**Problem to solve**
Up to and including the line bearing "继续出发的傅海峰在2005年", output every line of the entries exactly as written, starting from the first; pictures stay out.

**Excerpted records**
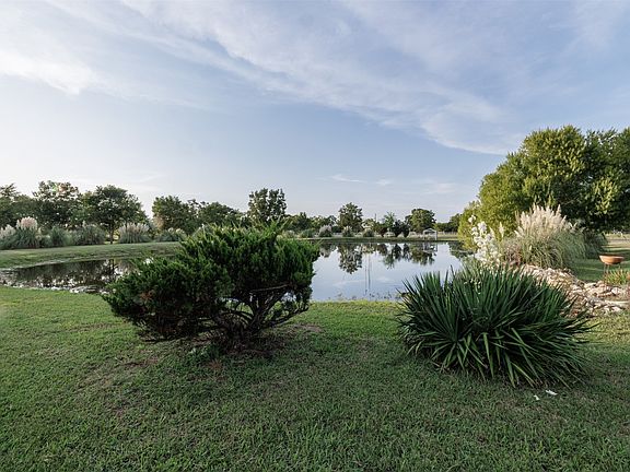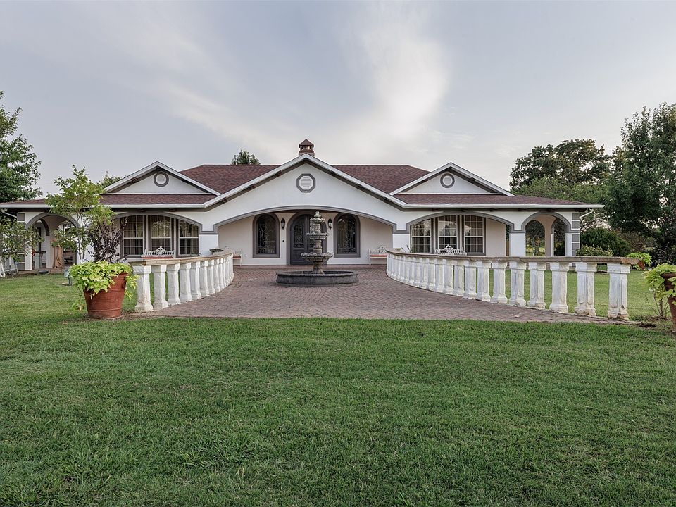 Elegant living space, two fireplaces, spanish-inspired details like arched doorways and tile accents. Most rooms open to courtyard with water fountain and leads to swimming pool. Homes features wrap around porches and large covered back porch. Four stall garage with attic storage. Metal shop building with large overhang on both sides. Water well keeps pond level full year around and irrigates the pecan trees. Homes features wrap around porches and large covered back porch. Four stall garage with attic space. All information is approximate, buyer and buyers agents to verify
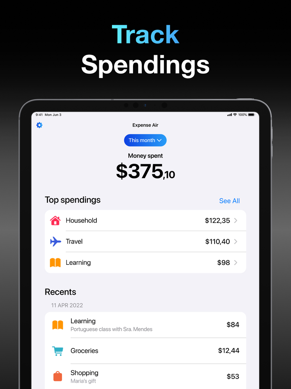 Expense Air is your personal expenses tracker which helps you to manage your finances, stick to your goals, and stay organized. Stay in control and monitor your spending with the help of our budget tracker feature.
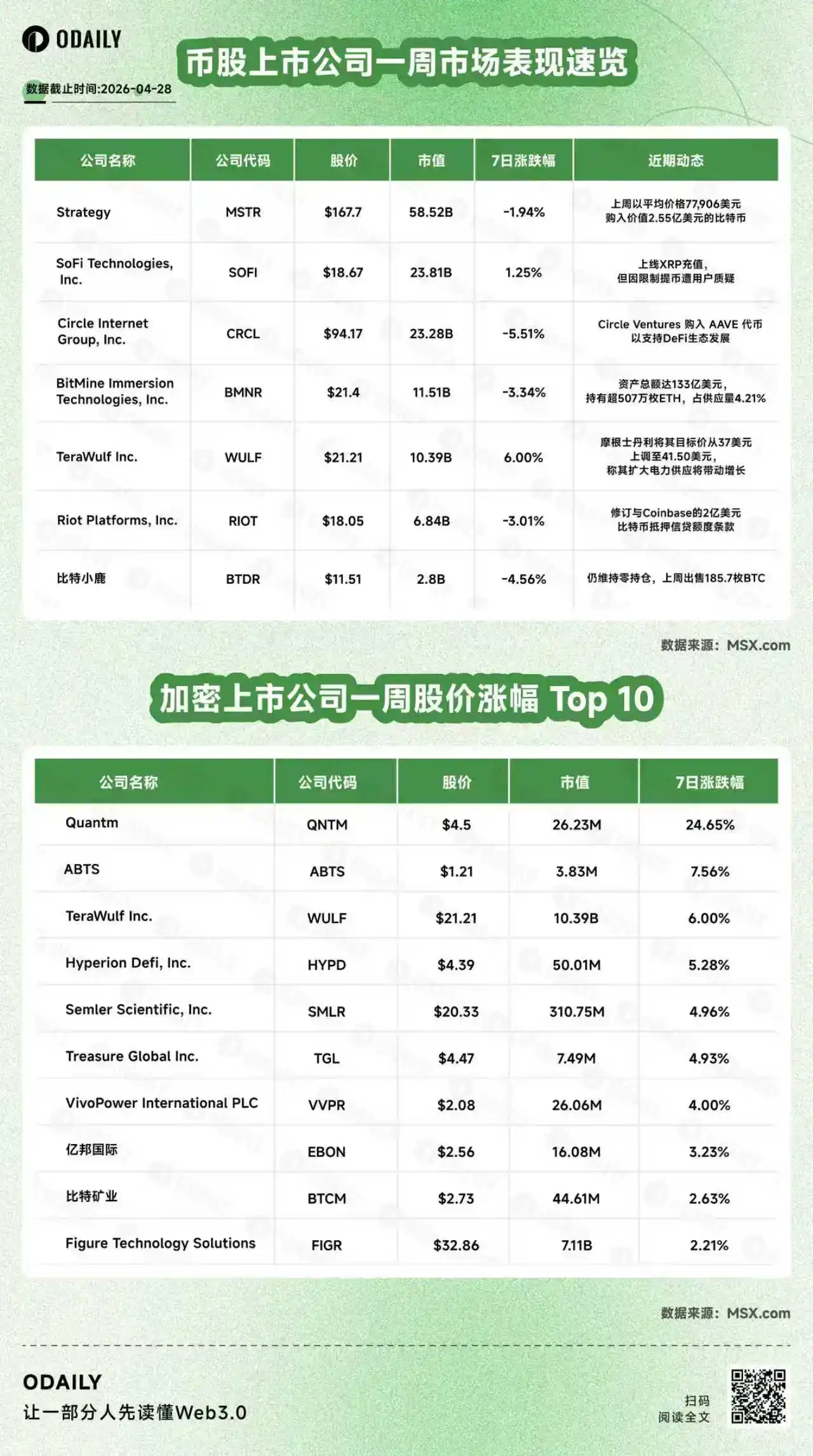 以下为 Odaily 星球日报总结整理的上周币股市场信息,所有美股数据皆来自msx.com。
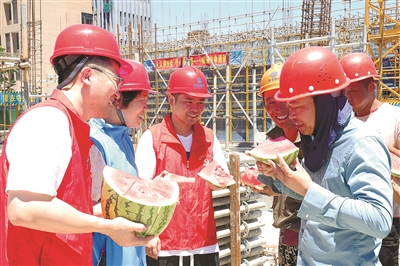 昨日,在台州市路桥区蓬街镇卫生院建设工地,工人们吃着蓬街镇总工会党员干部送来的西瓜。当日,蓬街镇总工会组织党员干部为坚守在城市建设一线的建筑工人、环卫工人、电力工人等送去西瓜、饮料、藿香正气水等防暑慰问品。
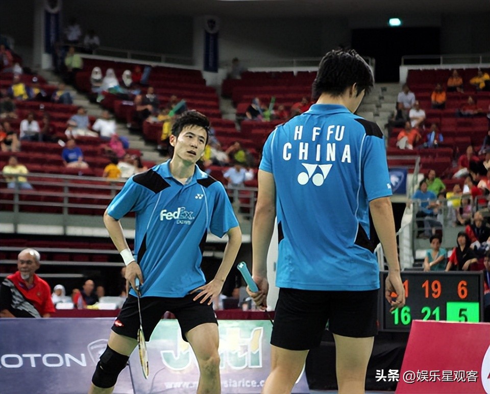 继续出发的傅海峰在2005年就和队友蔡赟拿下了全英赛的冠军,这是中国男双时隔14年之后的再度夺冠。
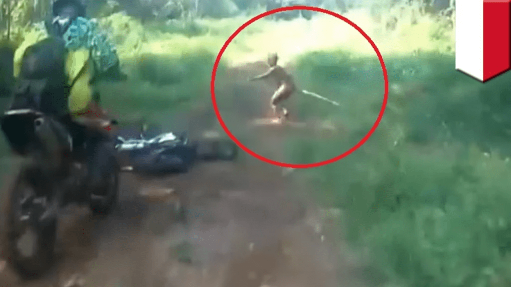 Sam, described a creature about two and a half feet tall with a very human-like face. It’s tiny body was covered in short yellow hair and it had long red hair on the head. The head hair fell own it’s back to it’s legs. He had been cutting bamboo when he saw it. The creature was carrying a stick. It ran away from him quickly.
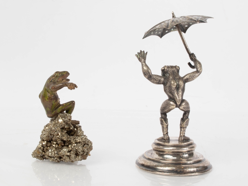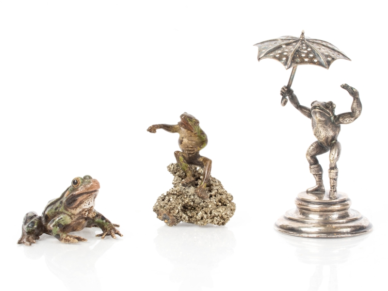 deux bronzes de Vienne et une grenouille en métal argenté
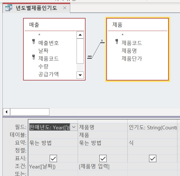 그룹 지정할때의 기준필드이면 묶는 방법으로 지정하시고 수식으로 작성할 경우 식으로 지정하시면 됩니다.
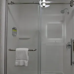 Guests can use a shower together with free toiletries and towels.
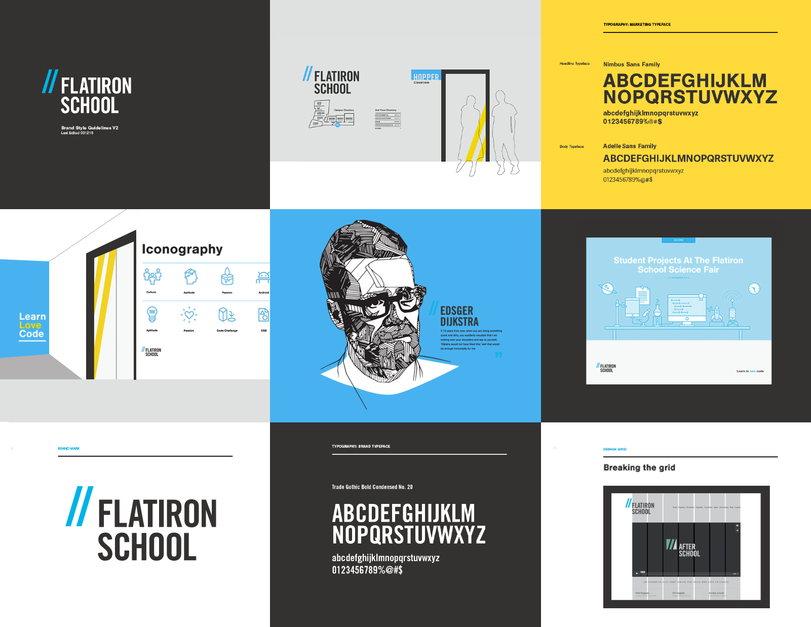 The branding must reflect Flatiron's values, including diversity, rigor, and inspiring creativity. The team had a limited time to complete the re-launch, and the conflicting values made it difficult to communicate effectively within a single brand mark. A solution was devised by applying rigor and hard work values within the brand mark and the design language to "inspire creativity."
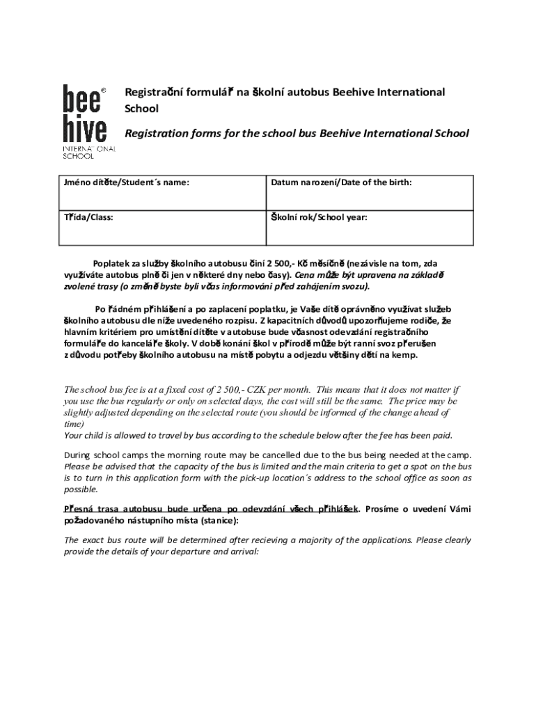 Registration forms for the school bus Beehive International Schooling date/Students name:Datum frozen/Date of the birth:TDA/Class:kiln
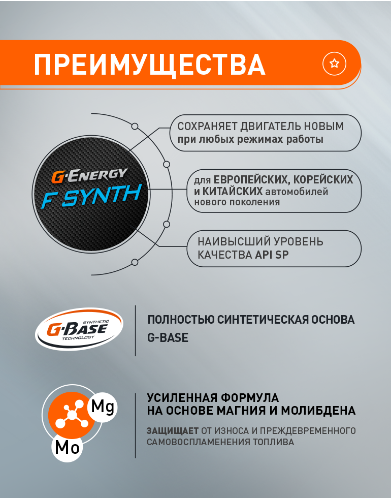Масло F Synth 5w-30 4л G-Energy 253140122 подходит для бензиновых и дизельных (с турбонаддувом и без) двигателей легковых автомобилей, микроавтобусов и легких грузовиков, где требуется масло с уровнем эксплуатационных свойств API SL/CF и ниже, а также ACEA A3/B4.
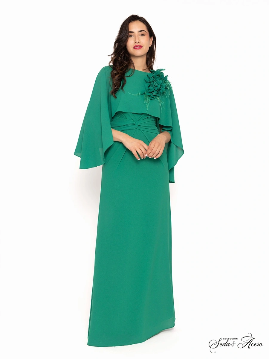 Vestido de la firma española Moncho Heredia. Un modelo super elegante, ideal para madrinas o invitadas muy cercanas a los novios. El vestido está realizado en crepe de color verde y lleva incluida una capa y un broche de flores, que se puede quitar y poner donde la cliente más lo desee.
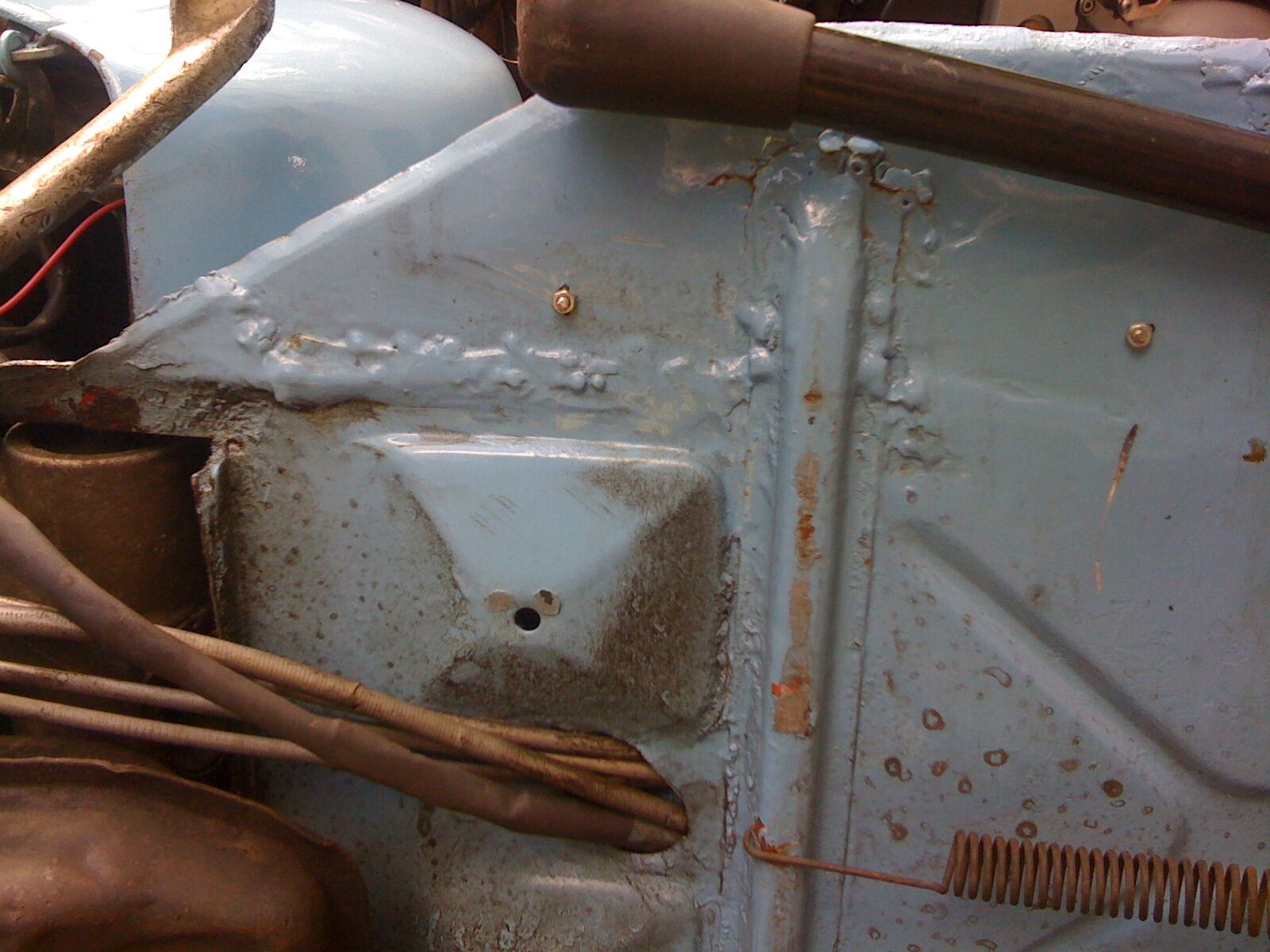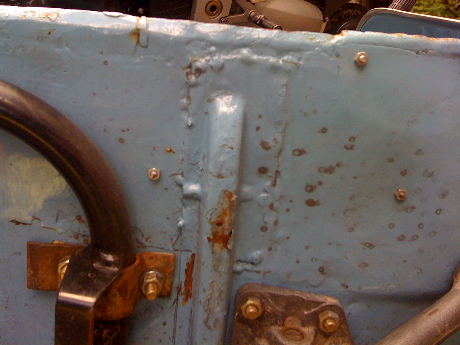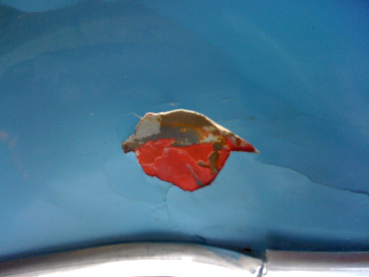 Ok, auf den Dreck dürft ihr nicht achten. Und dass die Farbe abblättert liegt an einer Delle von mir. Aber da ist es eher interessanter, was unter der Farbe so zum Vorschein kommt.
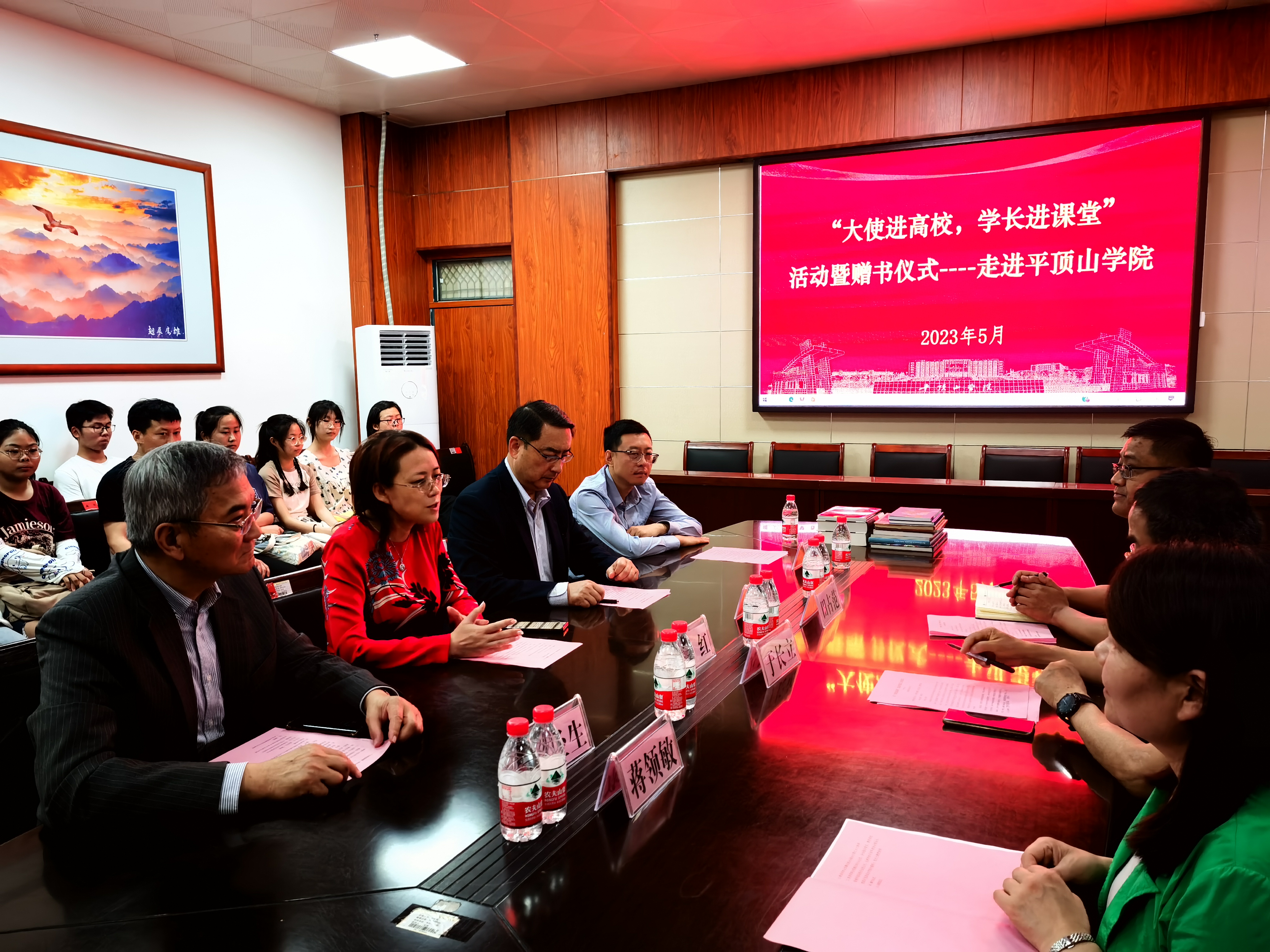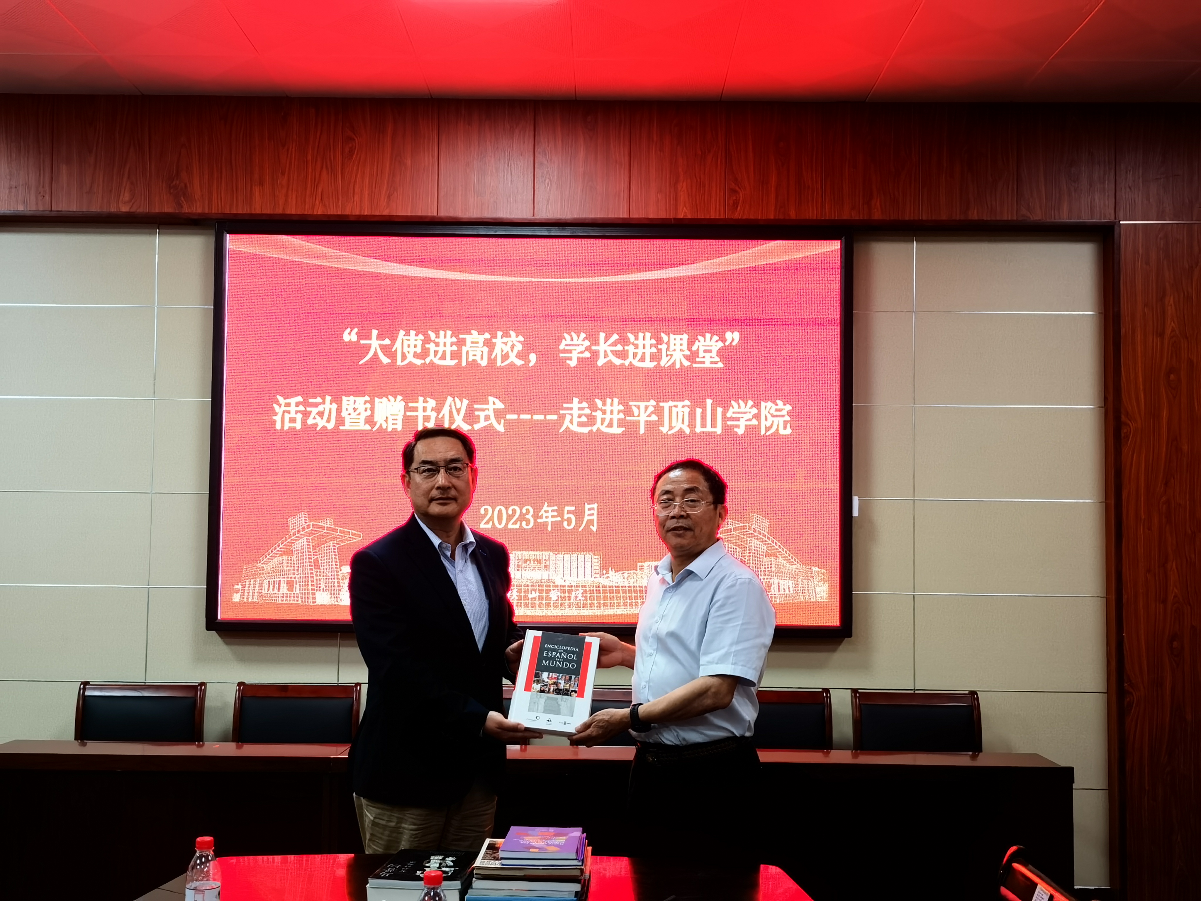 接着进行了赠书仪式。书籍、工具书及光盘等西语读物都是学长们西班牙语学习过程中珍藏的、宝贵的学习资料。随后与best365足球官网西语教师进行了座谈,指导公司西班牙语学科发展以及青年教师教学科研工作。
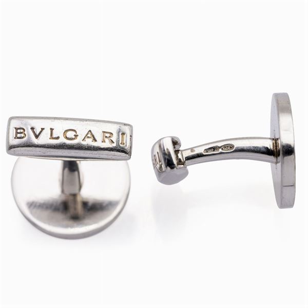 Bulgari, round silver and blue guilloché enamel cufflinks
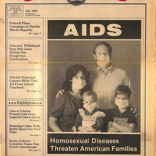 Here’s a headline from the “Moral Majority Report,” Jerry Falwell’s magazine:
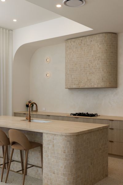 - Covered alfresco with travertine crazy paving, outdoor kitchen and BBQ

**Finished exercise**
 Elegant living space, two fireplaces, spanish-inspired details like arched doorways and tile accents. Most rooms open to courtyard with water fountain and leads to swimming pool. Homes features wrap around porches and large covered back porch. Four stall garage with attic storage. Metal shop building with large overhang on both sides. Water well keeps pond level full year around and irrigates the pecan trees. Homes features wrap around porches and large covered back porch. Four stall garage with attic space. All information is approximate, buyer and buyers agents to verify
 Expense Air is your personal expenses tracker which helps you to manage your finances, stick to your goals, and stay organized. Stay in control and monitor your spending with the help of our budget tracker feature.
 以下为 Odaily 星球日报总结整理的上周币股市场信息,所有美股数据皆来自msx.com。
 昨日,在台州市路桥区蓬街镇卫生院建设工地,工人们吃着蓬街镇总工会党员干部送来的西瓜。当日,蓬街镇总工会组织党员干部为坚守在城市建设一线的建筑工人、环卫工人、电力工人等送去西瓜、饮料、藿香正气水等防暑慰问品。
 继续出发的傅海峰在2005年就和队友蔡赟拿下了全英赛的冠军,这是中国男双时隔14年之后的再度夺冠。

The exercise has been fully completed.